BeautifulSoup 或正则表达式 HTML 表到数据结构?

发布于 2024-09-24 01:46:04 字数 1881 浏览 1 评论 0原文

我有一个 HTML 表,我正在尝试从中解析信息。然而,有些表跨越多行/列,所以我想做的是使用 BeautifulSoup 之类的东西将表解析为某种类型的 Python 结构。我考虑只使用列表列表,这样我就会把类似的东西变成

<tr>
  <td>1,1</td>
  <td>1,2</td>
</tr>
<tr>
  <td>2,1</td>
  <td>2,2</td>
</tr>

[['1,1', '1,2'],
 ['2,1', '2,2']]

(认为)应该相当简单的东西。但是,由于某些单元格跨越多行/列,因此存在一些轻微的复杂性。另外,还有很多完全不必要的信息:

    <td ondblclick="DoAdd('/student_center/sc_all_rooms/d05/09/2010/editformnew?display=W&amp;style=L&amp;positioning=A&amp;adddirect=yes&amp;accessid=CreateNewEdit&amp;filterblock=N&amp;popeditform=yes&amp;returncalendar=student_center/sc_all_rooms')"
     class="listdefaultmonthbg" 
     style="cursor:crosshair;" 
     width="5%" 
     nowrap="1" 
     rowspan="1">
       <a class="listdatelink" 
          href="/student_center/sc_all_rooms/d05/09/2010/edit?style=L&amp;display=W&amp;positioning=A&amp;filterblock=N&amp;adddirect=yes&amp;accessid=CreateNewEdit">Sep 5</a>
    </td>

代码的实际情况甚至更糟。我真正需要的是:

<td rowspan="1">Sep 5</td>

两行之后,有一个行跨度为 17。对于多行跨度,我在想这样的事情:

<tr>
  <td rowspan="2">Sep 5</td>
  <td>Some event</td>
</tr>
<tr>
  <td>Some other event</td>
</tr>

结果会是这样:

[["Sep 5", "Some event"],
 [None, "Some other event"]]

页面上有多个表,并且我已经可以找到我想要的信息了,我只是不知道如何解析出我需要的信息。我知道我可以使用 BeautfulSoup 来“RenderContents”,但在某些情况下,我需要删除一些链接标签(同时保留文本)。

我正在考虑这样的过程:

  1. 查找表
  2. 计算表中的行数(len(table.findAll('tr'))?)
  3. 创建列表
  4. 将表解析为列表(BeautifulSoup语法???)
  5. ???
  6. 利润! (嗯,这是一个纯粹的内部程序,所以并不是真的......)

I've got an HTML table that I'm trying to parse the information from. However, some of the tables span multiple rows/columns, so what I would like to do is use something like BeautifulSoup to parse the table into some type of Python structure. I'm thinking of just using a list of lists so I would turn something like

<tr>
  <td>1,1</td>
  <td>1,2</td>
</tr>
<tr>
  <td>2,1</td>
  <td>2,2</td>
</tr>

into

[['1,1', '1,2'],
 ['2,1', '2,2']]

Which I (think) should be fairly straightforward. However, there are some slight complications because some of the cells span multiple rows/cols.
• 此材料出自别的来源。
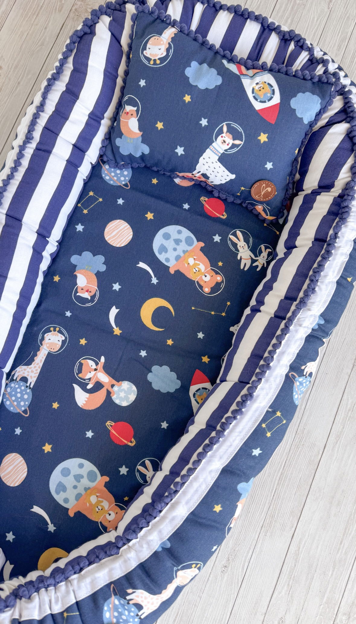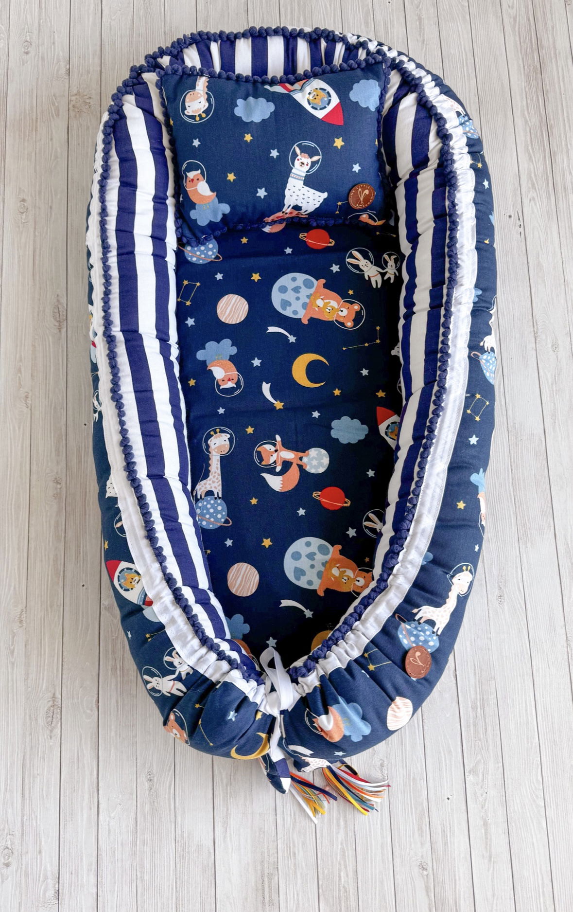 Tiene detalles como biez, cinta de doble razo y pompones, los terminales son 2 piezas rellenitas con cintitas haciendo juego con el nido.
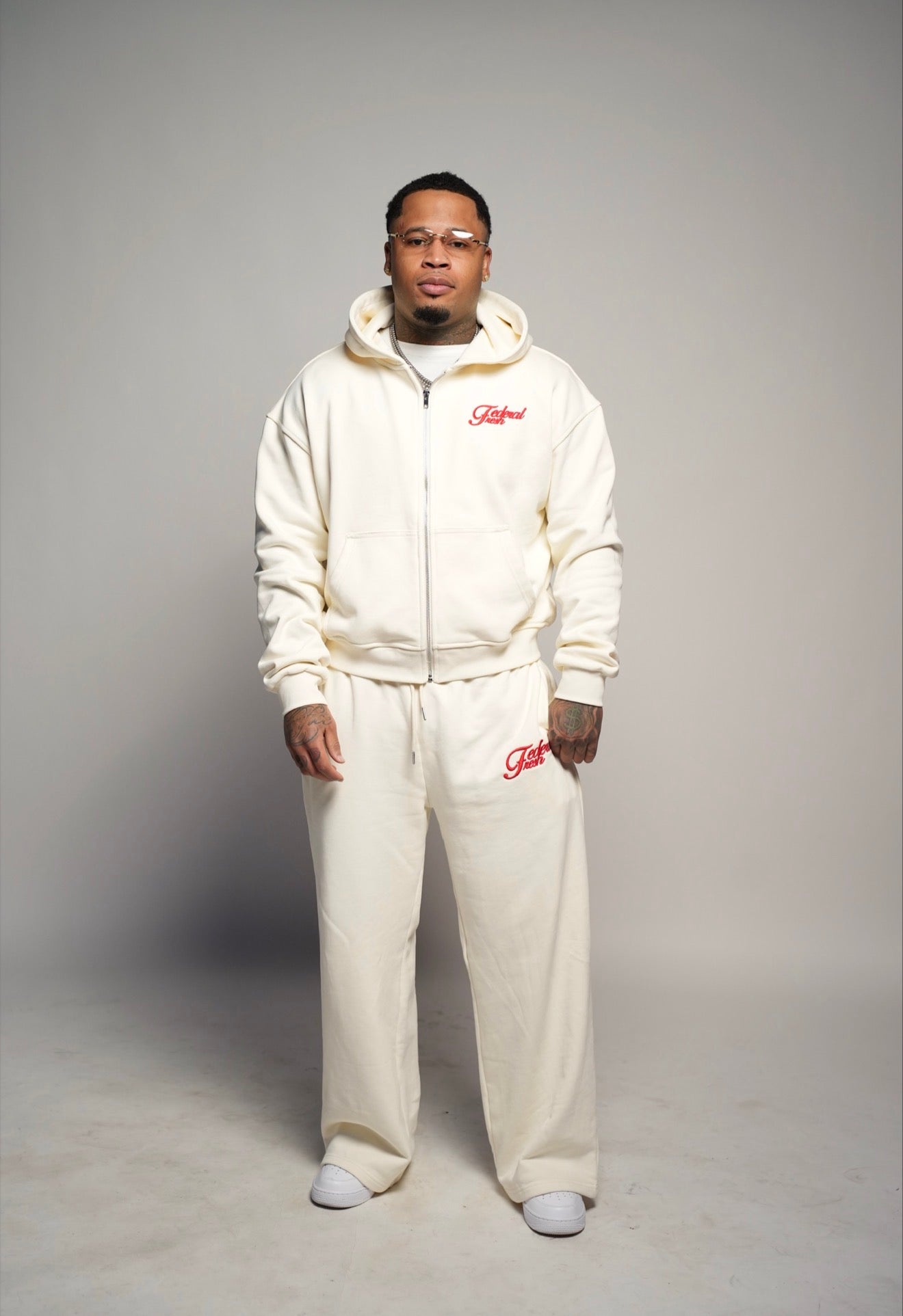 Creme and Red Federal Fresh Sweatpants

Plus there's a lot of completely unnecessary information:

    <td ondblclick="DoAdd('/student_center/sc_all_rooms/d05/09/2010/editformnew?display=W&style=L&positioning=A&adddirect=yes&accessid=CreateNewEdit&filterblock=N&popeditform=yes&returncalendar=student_center/sc_all_rooms')"
     class="listdefaultmonthbg" 
     style="cursor:crosshair;" 
     width="5%" 
     nowrap="1" 
     rowspan="1">
       <a class="listdatelink" 
          href="/student_center/sc_all_rooms/d05/09/2010/edit?style=L&display=W&positioning=A&filterblock=N&adddirect=yes&accessid=CreateNewEdit">Sep 5</a>
    </td>

And what the code really looks like is even worse. All I really need out of there is:

<td rowspan="1">Sep 5</td>

Two rows later, there is a with a rowspan of 17. For multi-row spans I was thinking something like this:

<tr>
  <td rowspan="2">Sep 5</td>
  <td>Some event</td>
</tr>
<tr>
  <td>Some other event</td>
</tr>

would end out like this:

[["Sep 5", "Some event"],
 [None, "Some other event"]]

There are multiple tables on the page, and I can find the one I want already, I'm just not sure how to parse out the information I need. I know I can use BeautfulSoup to "RenderContents", but in some cases there are link tags that I need to get rid of (while keeping the text).

I was thinking of a process something like this:

  1. Find table
  2. Count rows in tables (len(table.findAll('tr'))?)
  3. Create list
  4. Parse table into list (BeautifulSoup syntax???)
  5. ???
  6. Profit! (Well, it's a purely internal program, so not really... )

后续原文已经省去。